Third, it raised my self esteem. Every time something is abandoned, there is a part of our mind that secretly dwells, mourns and chastises us. You may not even realize it’s going on in the deep recesses of your mind until you pick up the project again. The guilt is even greater if other writers were involved. I’ve recently dealt with writers who, when approached about a project finished but unedited and dropped when it was slated to be published years ago, broke out in a rage!
(How embarrassing for them! Can you imagine the pain and guilt they’re experiencing to act like complete nut jobs because they feel so much like they’ve failed?)
Getting back to unfinished business has taught me one thing about writers and the writers who share the burden of publishing: some people are born writers and other people think they’re going to get rich and famous and write for no other reason.
I don’t believe that if you are a writer you can ever stop writing. You might have a pause, but I don’t think you can ever STOP. The rage of failure in particular convinced me of this. The person who was so angry had come to me years ago and put a post up in a writing group that I kept for the purpose of encouraging writers.
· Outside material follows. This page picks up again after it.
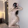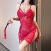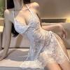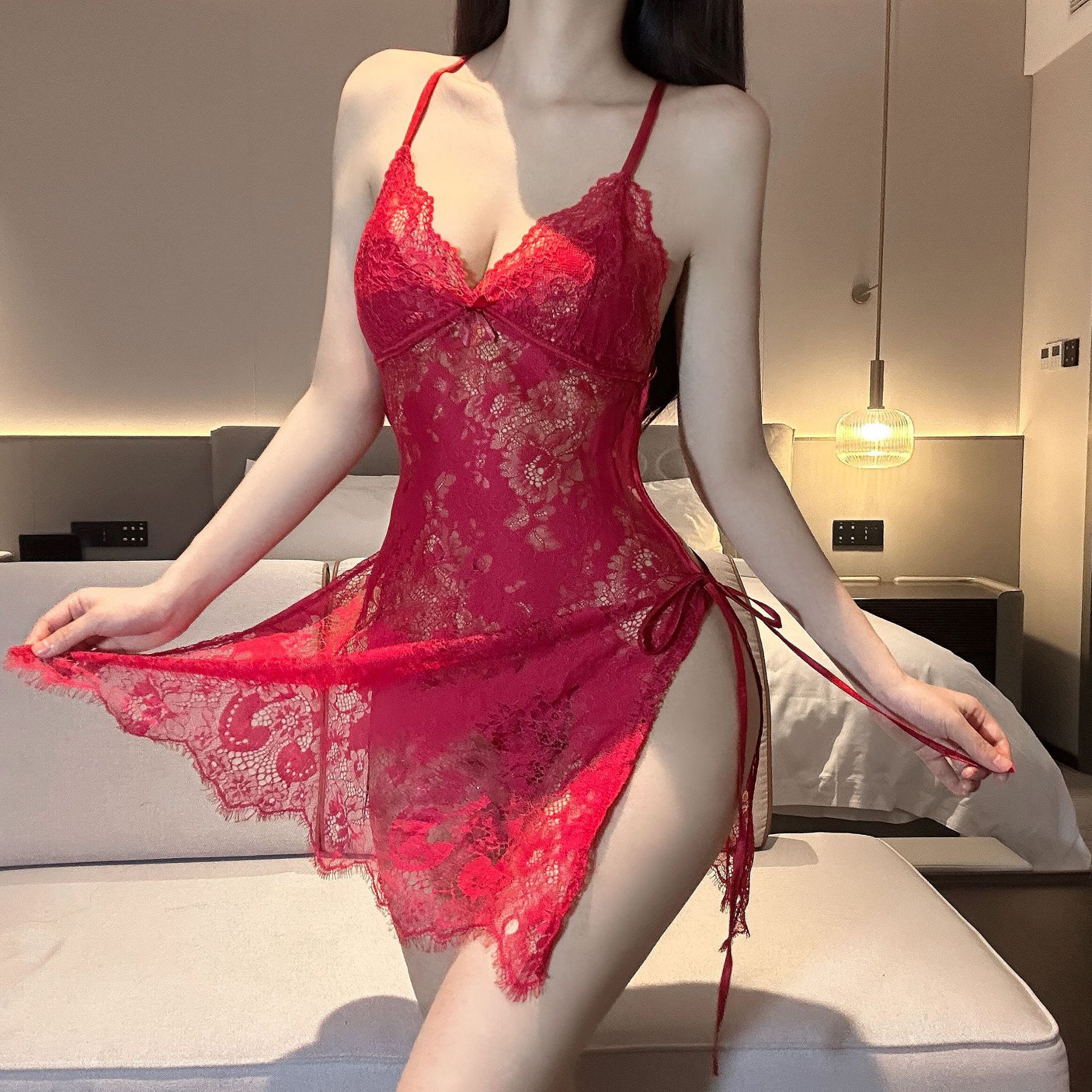 Camisola Sexy de Encaje Transparente con Escote en V Profundo Ropa de Dormir para Mujer con Camisola sin Espalda Vestido de Noche Conjunto para el Hogar X76

I was dubious about her, it seemed strange, opportunistic. She said that she had been an airplane hostess and that she was now pregnant and stuck at home: this seemed like a good idea.
She seemed like a goodhearted person so I let her solicit in my writing group for writers and contributed to her collaborations myself. When she came to write in a collaboration that I was directing, things abruptly changed. When someone else is guiding things, I’m quick to agree, quick to change my writing, it’s their ship, I’m not going to argue with them! Suddenly when she was on my project, she became pugnacious and angry when I pointed out a chapter she had written that made no sense.
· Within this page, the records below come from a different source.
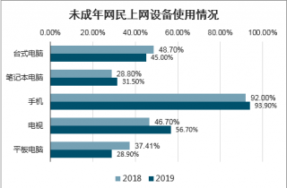 调查发现,未成年网民使用各类上网设备的比例,依次是手机(93.9%)、电视(56.7%)、台式电脑(45.0%)、笔记本电脑(31.5%)、平板电脑(28.9%)。未成年网民中,拥有属于自己的上网设备达到74.0%,其中自己有上网手机的为63.6%。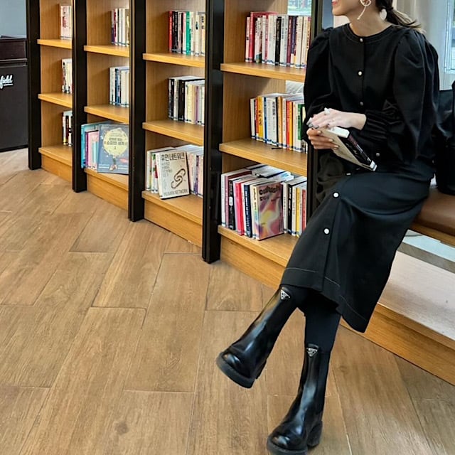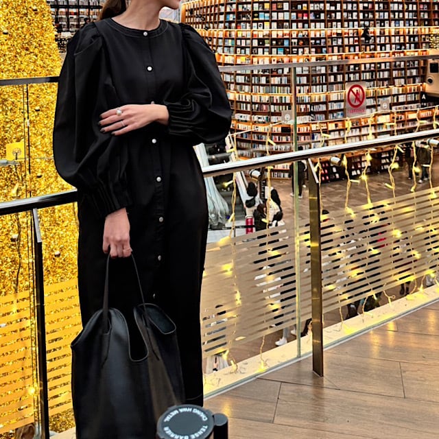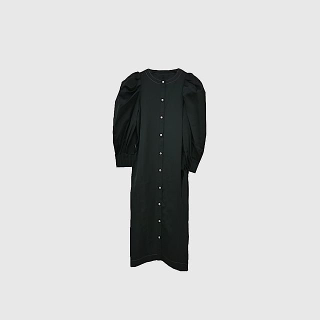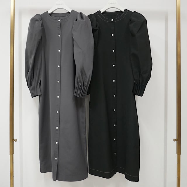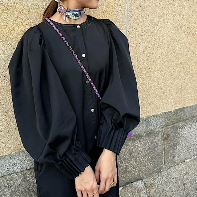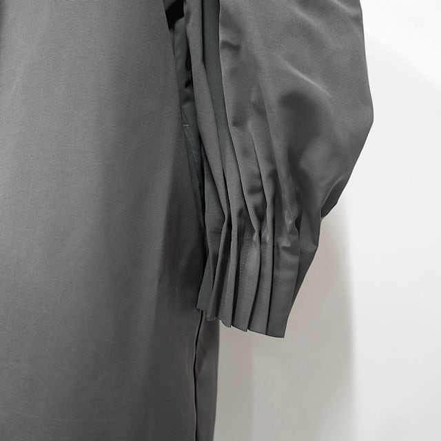 ボリュームのあるスリーブと袖口のプリーツデザインが特徴的なワンピース。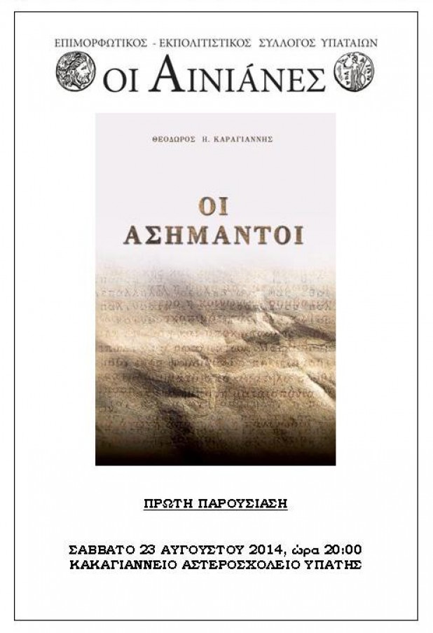 Ο Εκπολιτιστικός - Επιμορφωτικός Σύλλογος Υπαταίων «ΟΙ ΑΙΝΙΑΝΕΣ» πραγματοποιεί εκδήλωση παρουσίασης του βιβλίου του συντοπίτη μας, Θεόδωρου Καραγιάννη με τίτλο «ΟΙ ΑΣΗΜΑΝΤΟΙ», αύριο Σάββατο 23 Αυγούστου 2014 και ώρα 20.00 στο Αμφιθέατρο του Κακογιάννειου Αστεροσχολείου Υπάτης.

She quickly came to the conclusion when other people noticed the same problems, that we were ganging up on her! Unknown to me, this disagreement resulted in her nurturing a long, simmering hatred toward me that makes here look like a mad women! Unfortunately, she’s one of the people who is involved in a long ago project that I’m trying to get to the light of day. She furiously asserts that no one can take anything anywhere… if I’m involved in editing.
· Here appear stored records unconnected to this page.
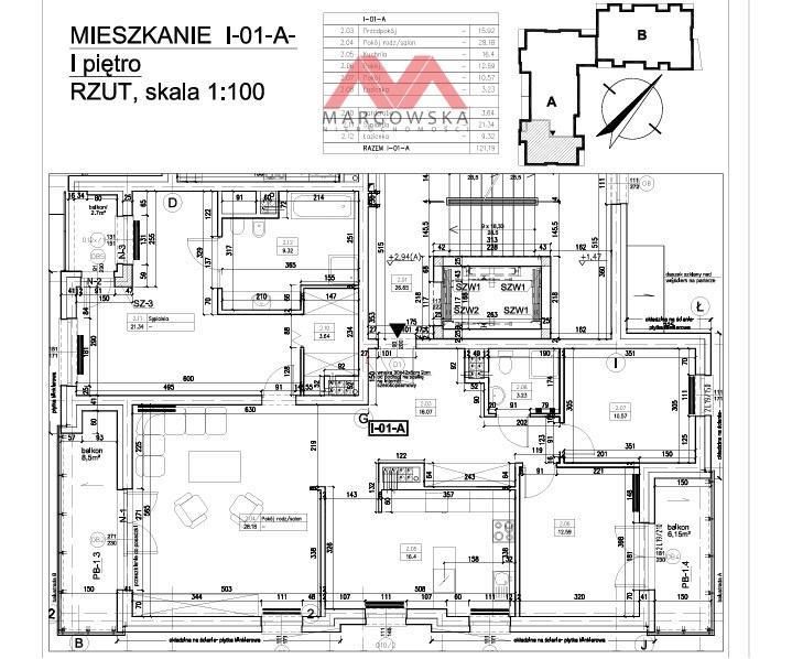 - Powierzchnia: 121,19 m²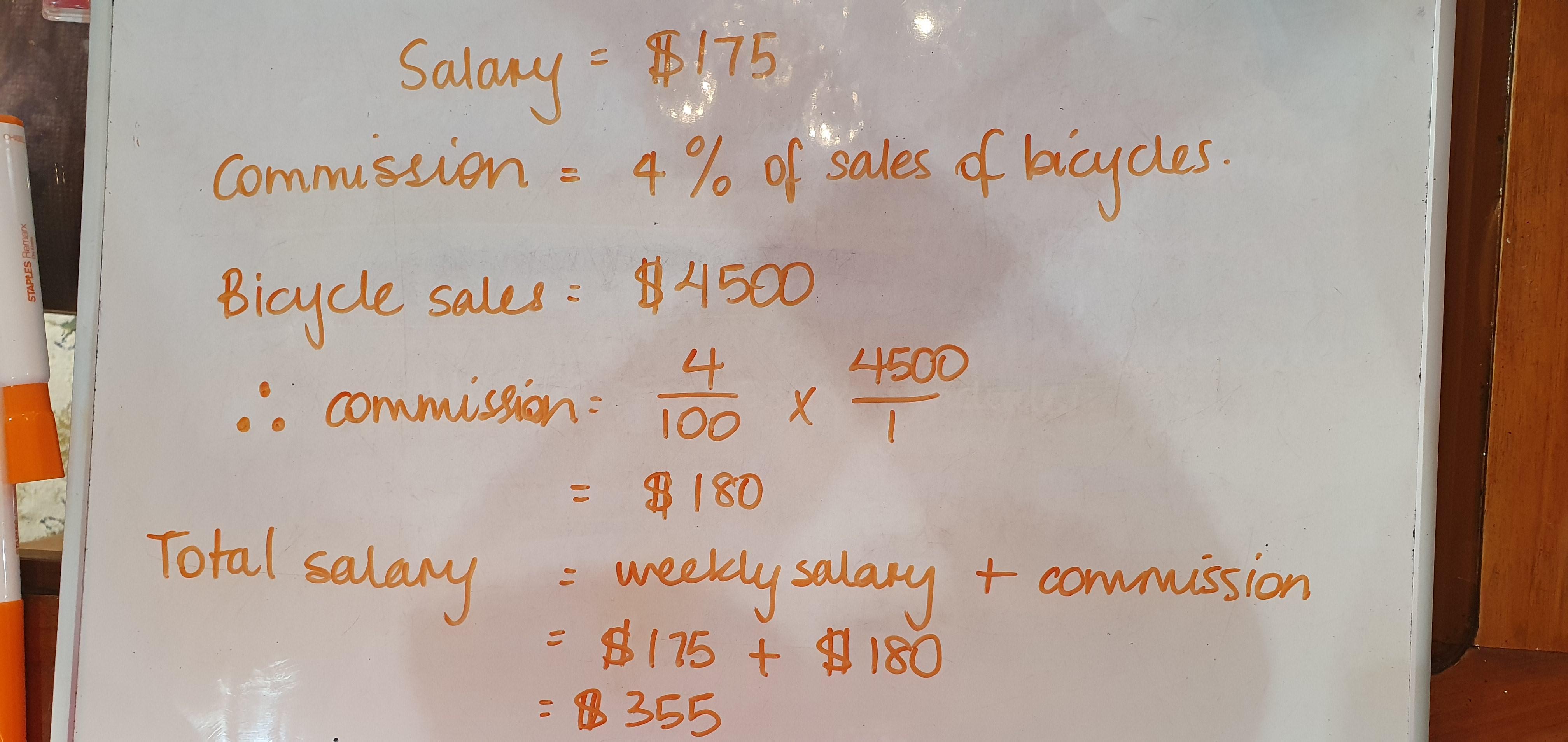 A salesperson earns a weekly salary of $175 plus a 4% commission on the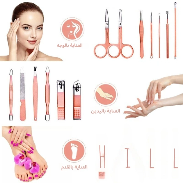 • Ensemble Complet 18-en-1 : Ce kit rassemble les outils indispensables pour l’entretien des mains et des pieds : coupe-ongles, limes, ciseaux de précision, repousse-cuticules, pinces, et outils de nettoyage spécialisés.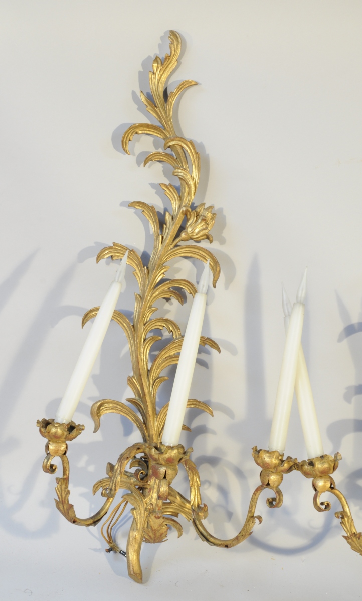 SUITE DE QUATRE APPLIQUES à deux bras lumières en bois sculpté, stuqué et doré. Elles adoptent la forme d'une palme mouvementée. Les bras de lumière en métal à enroulements appliqués d'acanthe en tôle emboutie. Le bobèches figurant une fleur épanouie.

I think the fact that her publishing project ceased to produce projects and didn’t generate revenue may have contributed to her anger. It convinced me that she had never been a writer at all and gave me fresh determination towards my ‘orphans’. Her assertions that she owned everyone’s writing (except mine, since I had it in writing that I owned everything I wrote before I contributed) were not answered when I asked her what legal contracts she had to say she owned the other’s writing.
It’s amazing how success, even if that success is simply to make sure that things get finished and that you keep on keeping on- can make some people furious!
If you are a writer, you need to write. When things are bad, you need to write more than a junky needs heroin. For other people, when things are bad, and success is unseen, they drop their writing and slink away, ashamed of what they see as failure.
The only failure is giving up on what you’ve begun. The only failure is fury over creativity and a generous heart. The only failure is in the orphans you’ve left behind and never revisit.
So hurray for all those people brave enough to pick up their orphans and to keep on keeping on! Hurray for all the people who get some joy out of the orphans who are reclaimed and brought home to get their life completed, no longer miscarriages, but happy, joyful children that are sent out into the world.
Most of all, hurray for Volume 3 of The Longest Night and all the warriors and loving guardians of the written word who have picked up their words and returned to finish this volume of hope and humor. Congratulations to everyone at The Writer’s Colony on the upcoming publication and picking up the longest night watch… the watch over our own creative whims.